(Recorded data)
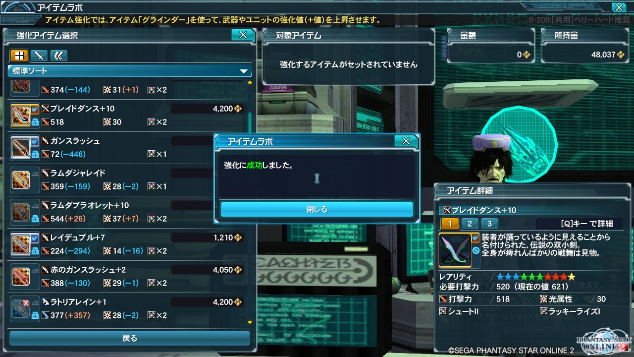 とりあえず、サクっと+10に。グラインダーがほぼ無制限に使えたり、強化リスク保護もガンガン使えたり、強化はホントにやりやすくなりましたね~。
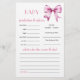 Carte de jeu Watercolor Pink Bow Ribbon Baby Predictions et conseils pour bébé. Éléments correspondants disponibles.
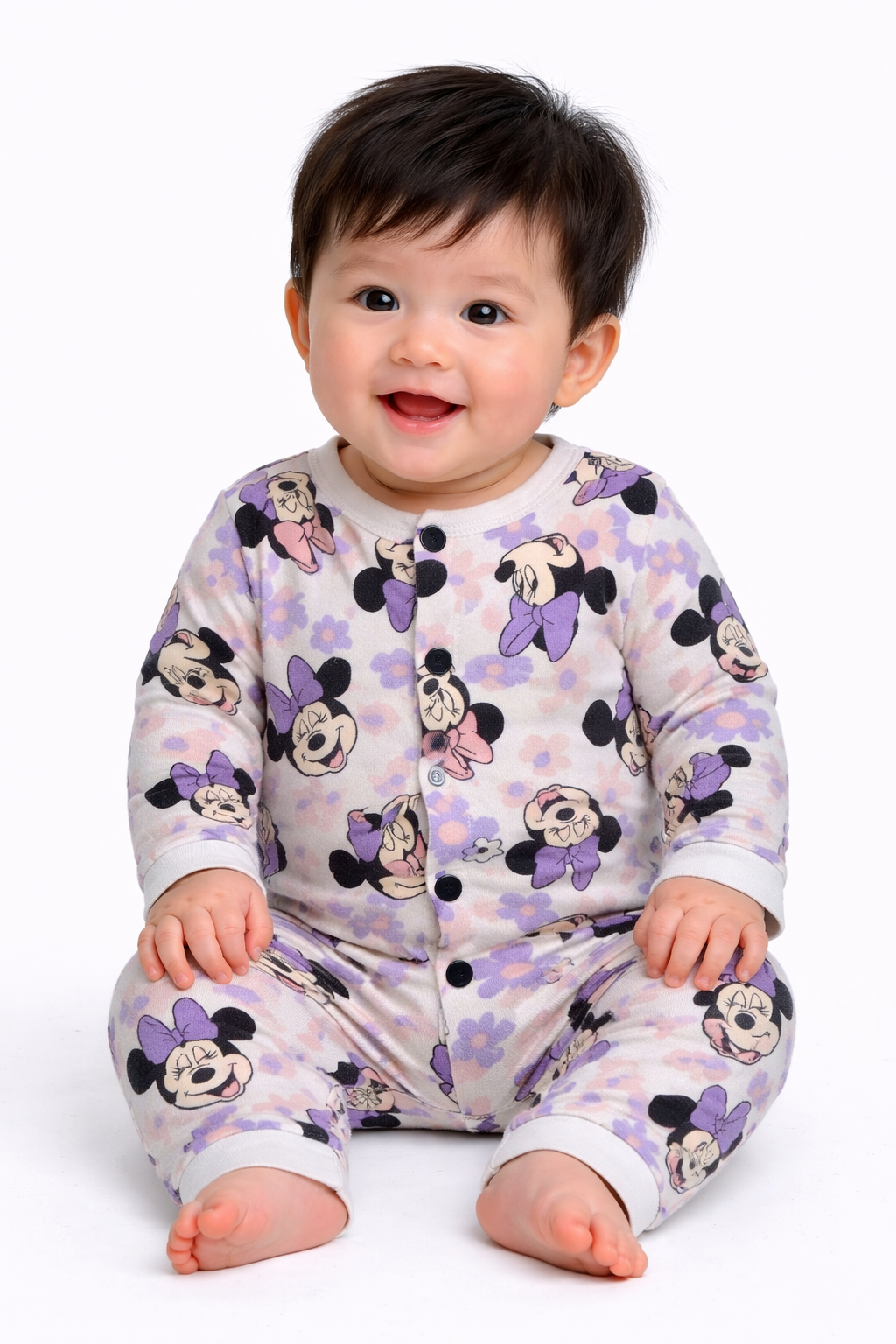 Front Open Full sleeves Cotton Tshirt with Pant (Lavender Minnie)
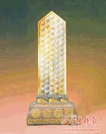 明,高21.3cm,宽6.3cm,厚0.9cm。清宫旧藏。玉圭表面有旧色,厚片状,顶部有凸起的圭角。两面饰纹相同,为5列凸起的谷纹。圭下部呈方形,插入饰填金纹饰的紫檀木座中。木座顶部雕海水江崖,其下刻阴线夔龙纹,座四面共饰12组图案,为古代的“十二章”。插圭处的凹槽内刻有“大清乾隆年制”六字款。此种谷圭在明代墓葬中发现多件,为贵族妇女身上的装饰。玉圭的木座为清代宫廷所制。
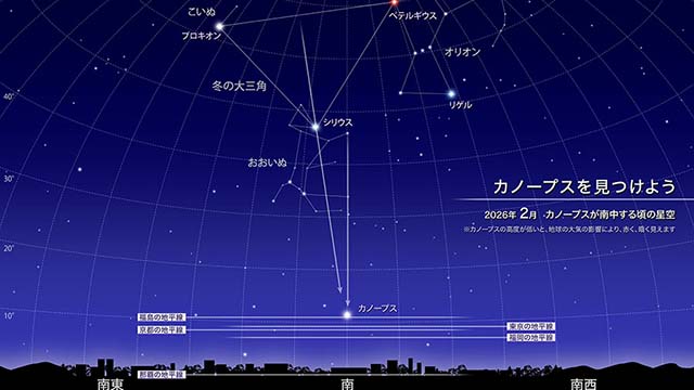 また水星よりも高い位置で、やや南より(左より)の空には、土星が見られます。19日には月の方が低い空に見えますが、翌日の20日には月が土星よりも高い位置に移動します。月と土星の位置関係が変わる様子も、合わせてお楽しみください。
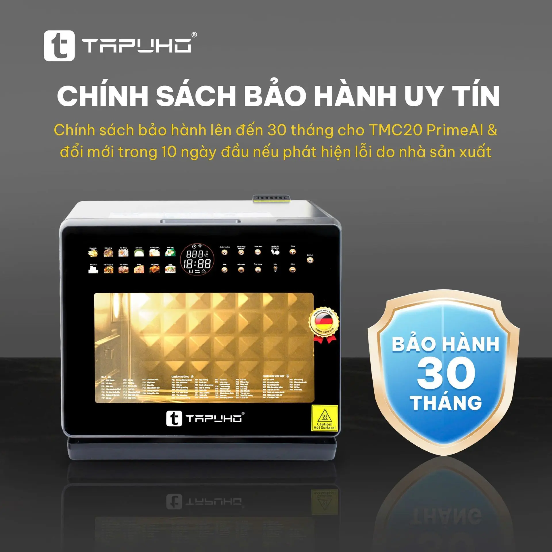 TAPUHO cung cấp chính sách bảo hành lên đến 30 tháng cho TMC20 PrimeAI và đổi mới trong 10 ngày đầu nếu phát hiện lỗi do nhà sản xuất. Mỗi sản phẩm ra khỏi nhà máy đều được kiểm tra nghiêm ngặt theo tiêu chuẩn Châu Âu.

» What needs to be done:
In the records above, find the line that contains "Front Open Full" and repeat exactly that line and all lines after it to the end. Do not include pictures.

» Answer to this exercise:
 Front Open Full sleeves Cotton Tshirt with Pant (Lavender Minnie)
 明,高21.3cm,宽6.3cm,厚0.9cm。清宫旧藏。玉圭表面有旧色,厚片状,顶部有凸起的圭角。两面饰纹相同,为5列凸起的谷纹。圭下部呈方形,插入饰填金纹饰的紫檀木座中。木座顶部雕海水江崖,其下刻阴线夔龙纹,座四面共饰12组图案,为古代的“十二章”。插圭处的凹槽内刻有“大清乾隆年制”六字款。此种谷圭在明代墓葬中发现多件,为贵族妇女身上的装饰。玉圭的木座为清代宫廷所制。
 また水星よりも高い位置で、やや南より(左より)の空には、土星が見られます。19日には月の方が低い空に見えますが、翌日の20日には月が土星よりも高い位置に移動します。月と土星の位置関係が変わる様子も、合わせてお楽しみください。
 TAPUHO cung cấp chính sách bảo hành lên đến 30 tháng cho TMC20 PrimeAI và đổi mới trong 10 ngày đầu nếu phát hiện lỗi do nhà sản xuất. Mỗi sản phẩm ra khỏi nhà máy đều được kiểm tra nghiêm ngặt theo tiêu chuẩn Châu Âu.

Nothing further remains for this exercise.